▶ **WHAT YOU NEED TO DO**: Would you transcribe only the lines from the one holding "Das Haus war" through the end of the material, exactly, without any pictures?

********************

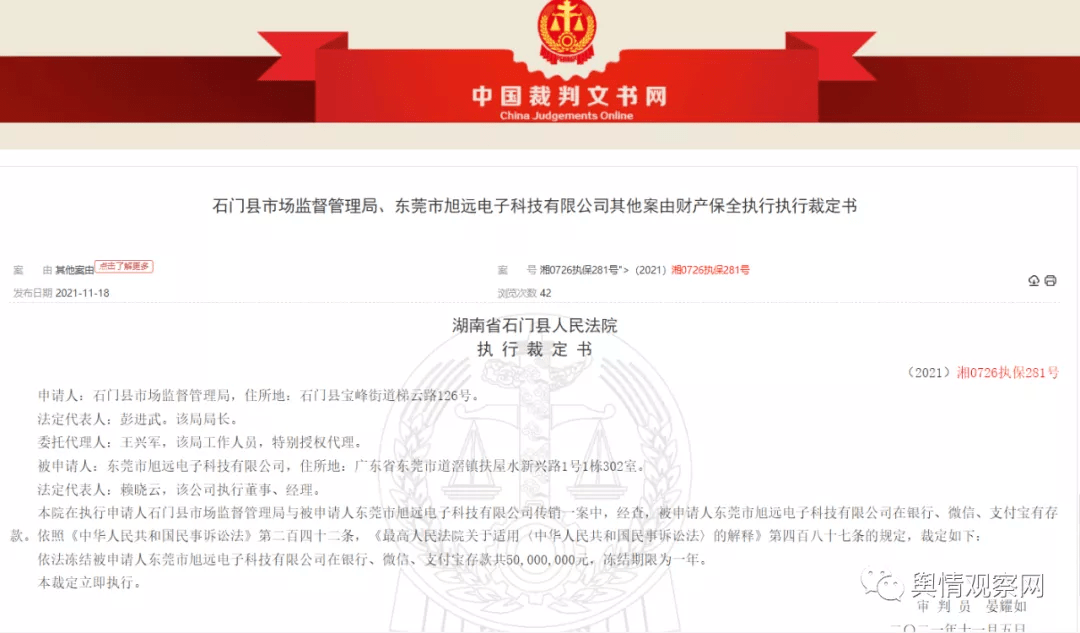 近日,在中国裁判文书网注意到案号分别为(2021)湘0726执保281号、(2021)湘0726执保282号、(2021)湘0726执保283号的财产保全执行裁定书,涉及东莞市旭远电子科技有限公司及相关人员因涉嫌传销累计被冻结账户1.5亿元。
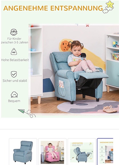 Barnfåtölj med recliner – blå (HOMCOM) – NY
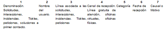 Para la compilación de la información referente a las peticiones, debe emplearse el siguiente formato, en medio magnético, en archivo de Excel editable.
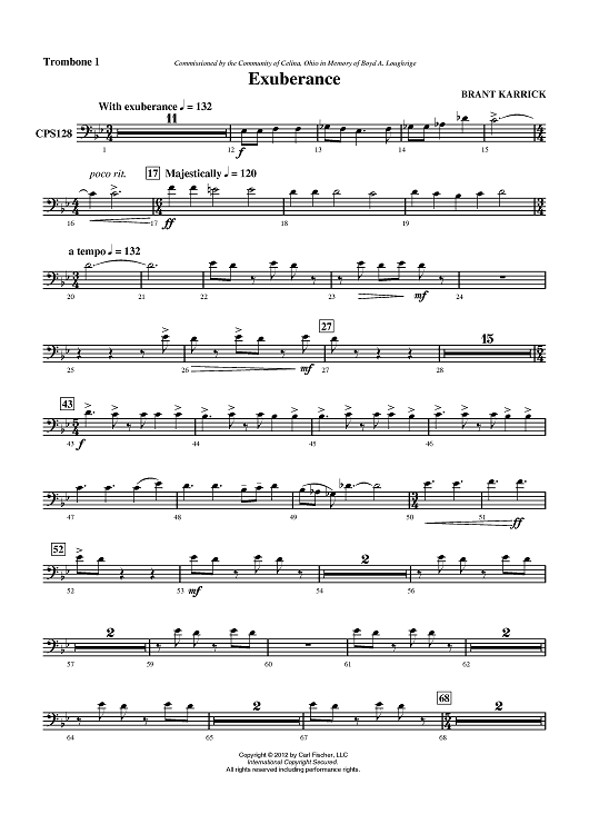 "Exuberance - Trombone 1" Sheet Music by Brant Karrick
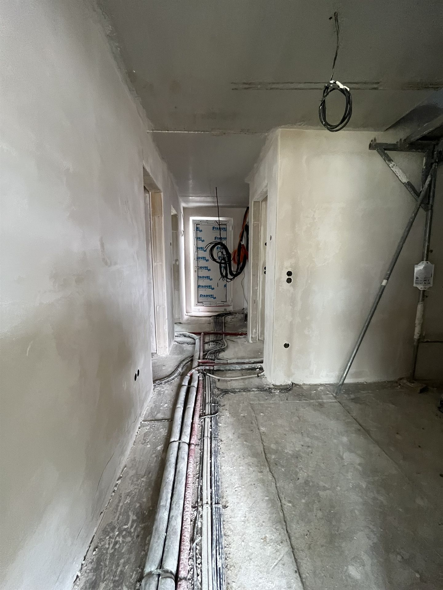 Das Haus war ursprünglich Teil eines Bauträgerprojekts, das aufgrund einer Insolvenz vor rund einem Jahr unterbrochen wurde. Die Eigentümergemeinschaft (real geteiltes Eigentum – keine WEG) hat sich erfolgreich aus dem Insolvenzverfahren gelöst und koordiniert seitdem alle weiteren Schritte eigenständig.
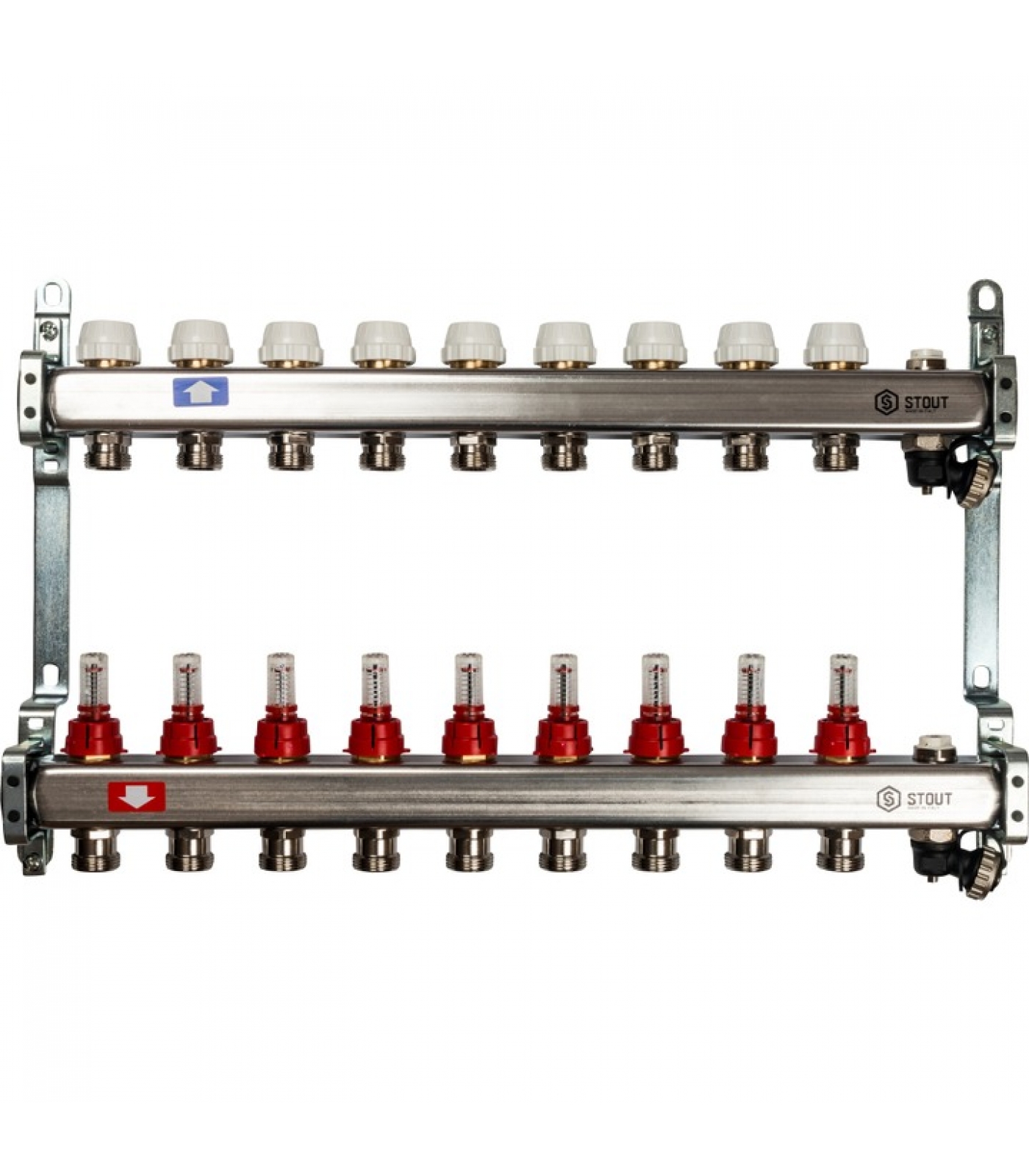 Коллектор из нержавеющей стали STOUT с расходомерами, с клапаном вып. воздуха и сливом 9 вых.
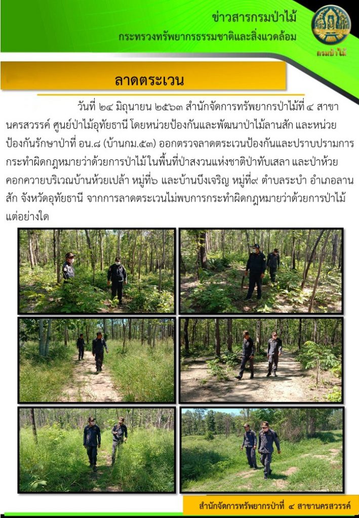 ลาดตระเวน พื้นที่ป่าสงวนแห่งชาติป่าทับเสลา และป่าห้วยคอกควายบริเวณบ้านห้วยเปล้า จ.อุทัยธานี8 กรกฎาคม 2020 ใน ข่าว by amon Post Views: 329
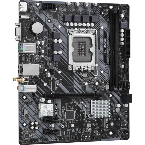 ASRock H610M/ac Desktop Motherboard - Intel H610 Chipset - Socket LGA-1700 - Micro ATX - 64 GB DDR4 SDRAM Maximum RAM - DDR4-3200/PC4-25600 - DIMM - 2 x Memory Slots - Gigabit Ethernet - IEEE 802.11a/b/g/n/ac - HDMI - DisplayPort - 3 x SATA Interfaces
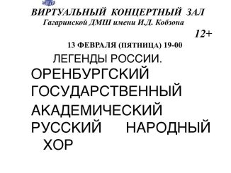 В виртуальном концертном зале Гагаринской детской музыкальной школы покажут выступление Оренбургского государственного академического русского народного хора.
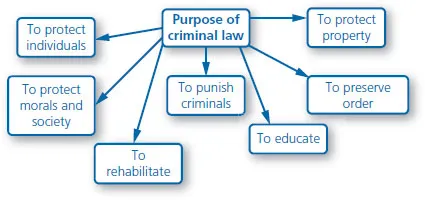 - Some of the purposes listed above have particular aims. For example, when the criminal law punishes criminals, it aims to:
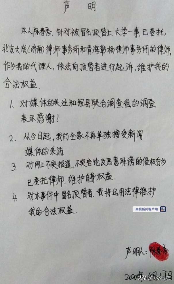 9.山东被冒名上大学农家女委托律师起诉顶替者:近日,山东冠县农家女陈某秀被冒名顶替上大学一事引发关注。17日,陈某秀称已聘请律师,将起诉顶替者陈某某。此前,涉事山东理工大学曾调查该事件,顶替者陈某某及家人承认冒名顶替他人上学的事实,并称相关入学材料系找中介代办。目前,相关事项正在调查。(南方都市报)
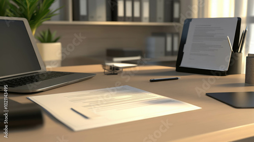 Modern Business Desk Setup with Technology and Organization

********************

▶ **ANSWER SECTION**:
 Das Haus war ursprünglich Teil eines Bauträgerprojekts, das aufgrund einer Insolvenz vor rund einem Jahr unterbrochen wurde. Die Eigentümergemeinschaft (real geteiltes Eigentum – keine WEG) hat sich erfolgreich aus dem Insolvenzverfahren gelöst und koordiniert seitdem alle weiteren Schritte eigenständig.
 Коллектор из нержавеющей стали STOUT с расходомерами, с клапаном вып. воздуха и сливом 9 вых.
 ลาดตระเวน พื้นที่ป่าสงวนแห่งชาติป่าทับเสลา และป่าห้วยคอกควายบริเวณบ้านห้วยเปล้า จ.อุทัยธานี8 กรกฎาคม 2020 ใน ข่าว by amon Post Views: 329
 ASRock H610M/ac Desktop Motherboard - Intel H610 Chipset - Socket LGA-1700 - Micro ATX - 64 GB DDR4 SDRAM Maximum RAM - DDR4-3200/PC4-25600 - DIMM - 2 x Memory Slots - Gigabit Ethernet - IEEE 802.11a/b/g/n/ac - HDMI - DisplayPort - 3 x SATA Interfaces
 В виртуальном концертном зале Гагаринской детской музыкальной школы покажут выступление Оренбургского государственного академического русского народного хора.
 - Some of the purposes listed above have particular aims. For example, when the criminal law punishes criminals, it aims to:
 9.山东被冒名上大学农家女委托律师起诉顶替者:近日,山东冠县农家女陈某秀被冒名顶替上大学一事引发关注。17日,陈某秀称已聘请律师,将起诉顶替者陈某某。此前,涉事山东理工大学曾调查该事件,顶替者陈某某及家人承认冒名顶替他人上学的事实,并称相关入学材料系找中介代办。目前,相关事项正在调查。(南方都市报)
 Modern Business Desk Setup with Technology and Organization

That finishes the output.